What you will do » Leave every picture out, then reproduce the rest of the listing exactly.

#### Data segment

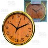 Sua borda é em polipropileno na cor dourada e o fundo do relógio em madeira visor em PS cristal.
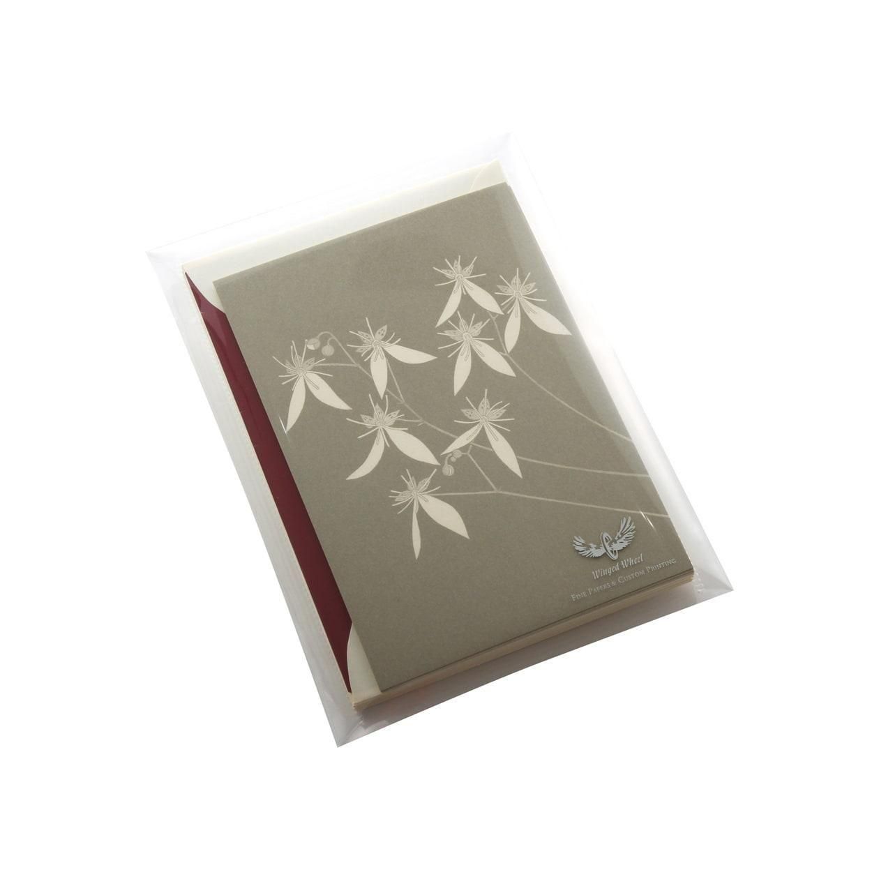 イラストレーター片山治之さんの描く本来スミ一色の原画に、日本の伝統色を合わせたカードと封筒のセットです。
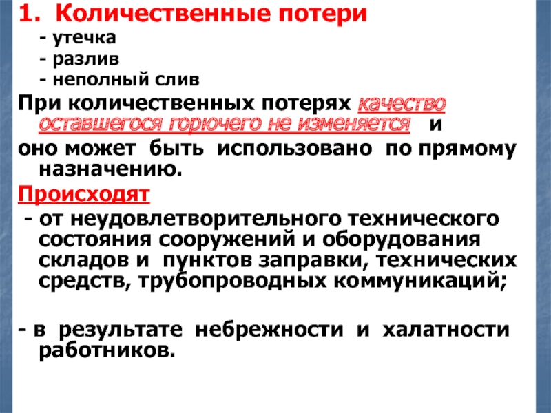 Слайд 91. Количественные потери
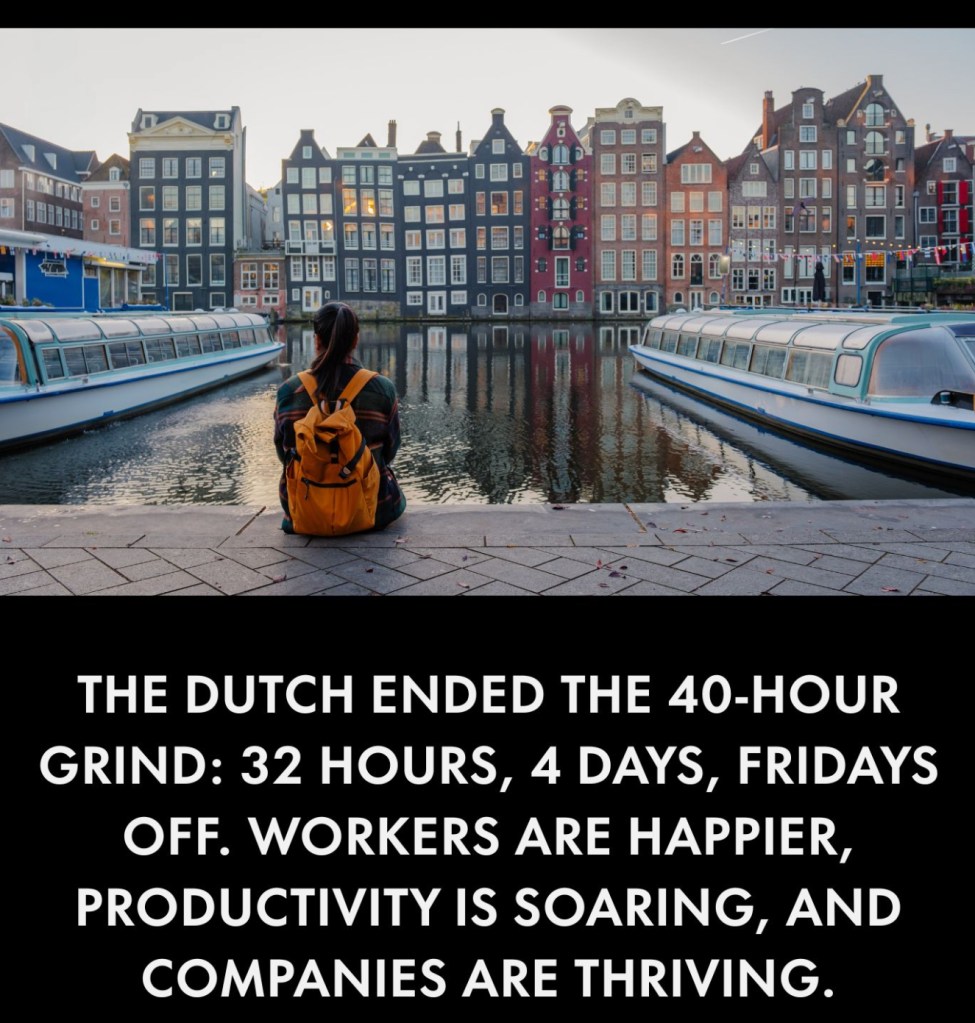 Let’s face it — the Dutch figured out what the rest of us have been pretending not to notice: more hours ≠ more output. They’ve replaced endless “busy” with efficient “balanced.” Fridays now belong to family, friends, and flat white-fueled canal walks, not spreadsheets and stress headaches. ☕🚲

########

Result of the task »
 Sua borda é em polipropileno na cor dourada e o fundo do relógio em madeira visor em PS cristal.
 イラストレーター片山治之さんの描く本来スミ一色の原画に、日本の伝統色を合わせたカードと封筒のセットです。
 Слайд 91. Количественные потери
 Let’s face it — the Dutch figured out what the rest of us have been pretending not to notice: more hours ≠ more output. They’ve replaced endless “busy” with efficient “balanced.” Fridays now belong to family, friends, and flat white-fueled canal walks, not spreadsheets and stress headaches. ☕🚲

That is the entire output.